HTTP/1.1 304 Not Modified
Server: Apache
Vary: Accept-Encoding
Cache-Control: private
Date: Fri, 09 Sep 2016 14:50:14 GMT
Expires: Thu, 19 Nov 1981 08:52:00 GMT
Etag: d1feeab306b3f65ade382c09a7c3ee6a
Connection: Keep-Alive

Request 3 Request:

GET /xml/plans/get/productCode/7d0abe0f-0402-428f-a267-278c3e4d3ade_GBP HTTP/1.1
Connection: Keep-Alive
If-None-Match: d1feeab306b3f65ade382c09a7c3ee6a
If-Modified-Since: Fri, 09 Sep 2016 14:49:41 GMT
Keep-Alive: 600
Host: cheddargetter.com
Cookie: CHEDDARGETTER=ifngjvc9tkel78usef8ln8kcc2
Accept-Encoding: gzip, deflate

Request 3 Response:

HTTP/1.1 200 OK
Server: Apache
Vary: Accept-Encoding
Cache-Control: no-store, no-cache, must-revalidate, post-check=0, pre-check=0
Content-Type: application/xml
Content-Encoding: gzip
Date: Fri, 09 Sep 2016 14:50:21 GMT
Node: CHED01VMW01
Expires: Thu, 19 Nov 1981 08:52:00 GMT
Pragma: no-cache
Connection: Keep-Alive
Content-Length: 1440

According to our logs, request 2 and 3 were identical, however one returned a 304, one returned a 200. There were no plan changes during this.
- Edit
Support Staff 5 Posted by Marc Guyer on Sep 09, 2016 @ 08:37 PM

Hi Craig -- After taking a closer look, I can't tell you why you got a 200 on your 3rd request above. I confirmed that we have a seemingly really solid functional test that passes. It ensures that the 304 is received. We've had a long-standing ticket that called for a slight improvement to some internal caching of plan properties. I found that this was causing the cache to be invalidated even if the internal caching of plan property values didn't change. So, I went ahead and resolved that ticket in the hopes that this is what was causing your 200. That patch is tested and deployed. Go ahead and rerun your test and see if you can still get the unexpected 200.
- Edit
6 Posted by Craig Willis on Sep 12, 2016 @ 07:31 AM

Marc,

Thanks for that, I'm seeing much more consistent 304's now. I'll keep trying over the next few hours.

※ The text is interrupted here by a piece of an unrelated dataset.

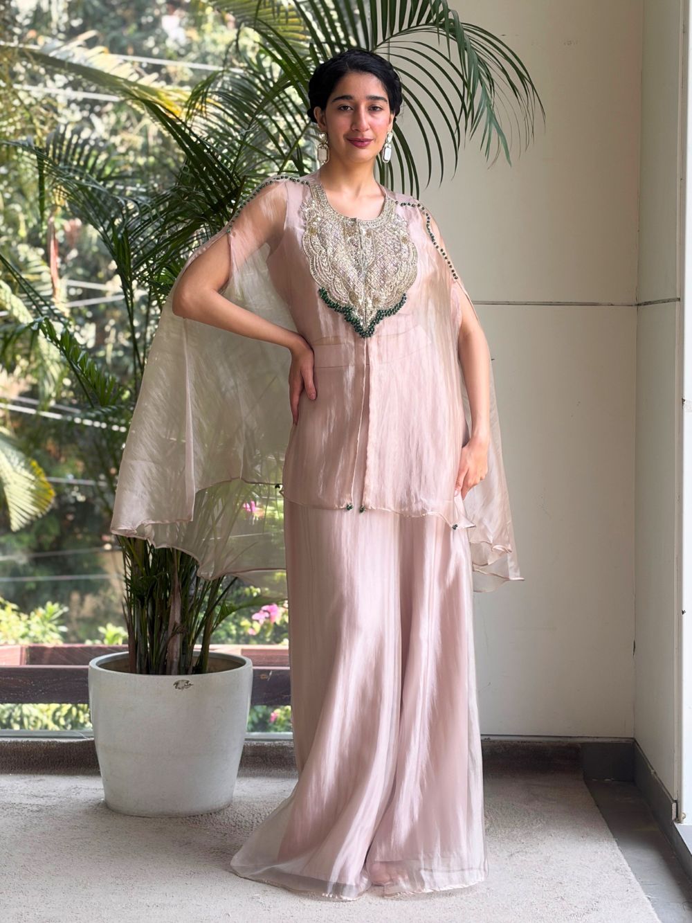 Rivasha Light Pink Kaftan Set with Sequin and Bead Embellished Yoke

Could I ask if plans/get is the only page this is enabled on?

Thanks

Craig
- Edit
Support Staff 7 Posted by Marc Guyer on Sep 12, 2016 @ 02:04 PM

Thanks Craig -- plans/get is the only endpoint enabled at this time. It's considered experimental for now. Other endpoints are typically quite quick. The other one that we want to do caching on is customers/get but the invalidation of cache after a modification of anything related to a single customer makes that difficult to implement. Also, cache storage space requirement would increase dramatically since we'd be holding every active customer record in cache all the time. It's a wishlist item at this point and will probably be implemented in a future retooling of the API.

Would you benefit by caching of customers/get? Any other endpoints in particular?
- Edit
8 Posted by Craig Willis on Sep 12, 2016 @ 03:31 PM

Customers/get would make a bit of difference to us, our API is a level lower than what is offered by cheddargetter. For example, some of our API calls depend on values of different tracked items. For each call of those APIs, we have to look up tracked items for the current user.

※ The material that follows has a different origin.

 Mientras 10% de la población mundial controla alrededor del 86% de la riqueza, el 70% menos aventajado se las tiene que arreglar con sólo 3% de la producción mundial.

They are all done as stateless API's, and don't really share data, so each one can end with a hit on cheddargetter.

We can (and do) cache this data internally for a short lifespan, currently about 5 minutes, however it's a bit of a risk.

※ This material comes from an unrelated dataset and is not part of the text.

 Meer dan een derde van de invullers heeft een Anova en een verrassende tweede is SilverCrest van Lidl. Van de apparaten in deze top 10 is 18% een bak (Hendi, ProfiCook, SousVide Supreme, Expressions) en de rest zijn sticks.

When we actually update a tracked item, as our API is something like /AddX, we can't return the customer data your API returns. so this means updating a tracked item ends up being 3 different calls. Once to get the customers data, one to update the tracked item (based on a second tracked item, which is why we can't just do a single call to your add tracked items), and then a third call to get the updated client data.

Really, I'd like to be able to query a single tracked item. I'd love to be able to go /customer/get/code/{trackedItem}, and just get a single int back that was the current value of that tracked item, or a 404 if it's not there. I don't really mind about the rest of the information at that point.

On your cache storage comment, I have no idea how you actually store data, but we've done something similar before. Maybe something like when a customer changes, we store both the last modified date, and a hash string in a fast lookup table (like redis). Then when a request comes in, if it has the etag/last modified date headers, you can first hit this fast lookup first, and return 304 if it's found, or fall back to the normal lookup if it's not.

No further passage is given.